I am a mother of 4 boys 15,13,10 and 4. I was also raised in a house with 4 brothers and parents who believed in spanking, with a mother who always said"wait until your father gets home!!!" I was spanked as a child and as I got into my teen years The punishment changed from spankings to severe groundings. From the perspective of the child being spanked I would have to agree that I got into alot less trouble and really feared defying my parents, but as that punishment faded and it became "your grounded" I began to change perspective. It really wasn't until recently that I realized why I had changed so much those last 5 years living at home. But having a teen now, made me really sit back and think about it. When I got spanked, I knew that I had really hurt my parents, I could see in their faces that it was killing them to spank me but that I was going to be spanked because I disobeyed the rules of the house. I could see the disappointment and the lack of trust, and it really hurt more than the spanking did. My parents did not like or enjoy spanking us as children, and I think that was why that job was left up to my dad most times. Any time my mother spanked us she would cry while doing it, although that changed as we got older too. But when I was grounded, I felt differently, I was angry, offended, and hated my parents . They were taking my life away I felt. I can remember when I was 14 and my school was going on the Washington DC trip. I had a freind stay over one weekend that school year before the trip, she was quite a wild friend and she had snuck wine coolers from her house over. I was so mad at her because I was not the drinker teen and she knew it. But anyway, she hide the empty bottles in my dresser behind the drawers, and had forgotten to take them with her when she went back home, and my mom found then. No trip, and I was grounded for the rest of the school year and the entire summer that followed. Even after My friend called my mother and explained to her that they were not mine she wouldn't let up. All it did was make me push back harder. She grounded me, I would sneek out, she took my phone away, so I would stay after school with out asking.
With my kids, Yes I spank them and I do feel that for most kids it does work. I can say that I have had good results from spanking my kids. I unlike my parents explain to my kids why they are being spanked, we discuss what they did and why it was wrong on a first offense(sometimes a second offence if they are younger) we tell them how thry could have avoided getting into trouble to begin with so that they then leave the punishment with alternatives, but in the end, they still get a spanking if the offense such merits one.
My 15 year old is a great kid.

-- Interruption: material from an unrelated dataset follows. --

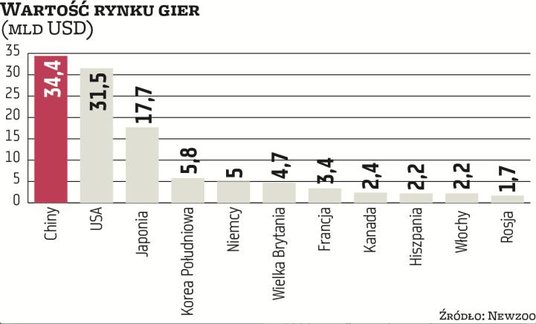 Polska z rynkiem wartym 541 mln USD zajmuje 23. miejsce w globalnym rankingu – wynika z najnowszych, tegorocznych danych firmy Newzoo. Zmiany w stosunku do szacunków sprzed kilku miesięcy są symboliczne, a na czołowych miejscach nie ma ich w ogóle. Prym nadal wiodą Chiny z rynkiem wartym ponad 34 mld USD. Nasilenie cenzury przełożyło się na niższe niż początkowo zakładano prognozy dla tego rynku, ale nadal – szczególnie w segmencie gier mobilnych – nie ma on sobie równych.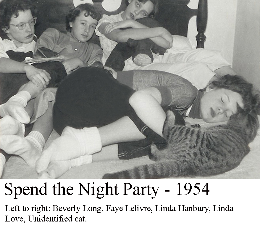 - Beverly Long ’58, Faye Lelievre ’58, Linda Hanbury ’58, and Linda Love ’57 at Spend The Night Party at Unidentified House about the time they entered WEHS

Very well mannered, respectful of others, and an outstanding student in school. He has had a few spankings in his days but not many . Now On the other hand I do have my 13 and 10 year olds who are testing this theory to the bitter end!! They are both very defyant, they hate eachother, they are destructive in ways that are just unbelievable and expensive. They have began swearing at both their dad and myself, as well as anyone else. They throw fits that are sure to win grammy's should they ever become actors, and not to mention all my neighbors call our house the nut house, thanks to the lovley diplays that my children put on daily !!! But the funny thing is, we go out in public and they act like perfect angels and people tell me how wonderful they are and I just want to scream. I feel like the person in the dream that is screaming and running but it falls on deaf ears and I get nowhere! But, I do spank them. We have in the past reserved spankings for severe infractions, but theirs are severe everyday, all day long. So now I am at the point that I am questioning myself, spanking has always worked and I do believe that it will always work, but I now have a case where I am spanking my boys on a daily basis. And no it isn't for the same offense everytime! I have gotten throught the 13 year old and he has started to be less chaotic to deal with , he has calmed down and made some really good progress in the fit throwing department. Still trying to get a grip on the lying and destruction. But the 10 year old just gives a whole new meaning to words psych ward!!!! Sometimes my husband and I feel that his issues stretch far beyond us!!! As for the the 4 year old, he has just really started to get spankings. And he is learning very quickly that he doesn't want to have to be told more than once. He will even tell people who come over to the house now what the rules are and what happens if mommy and daddy have already corrected you once if they have to do it again you get popped on your hiness!!! And that you must always say please and thank you, yes mam/sir, no mam/sir, and please excuse me, or excuse me please. And he even says "there are no sorries in this house". Because our first house rule is that there are no sorries, no reasons and excuses for broken rules.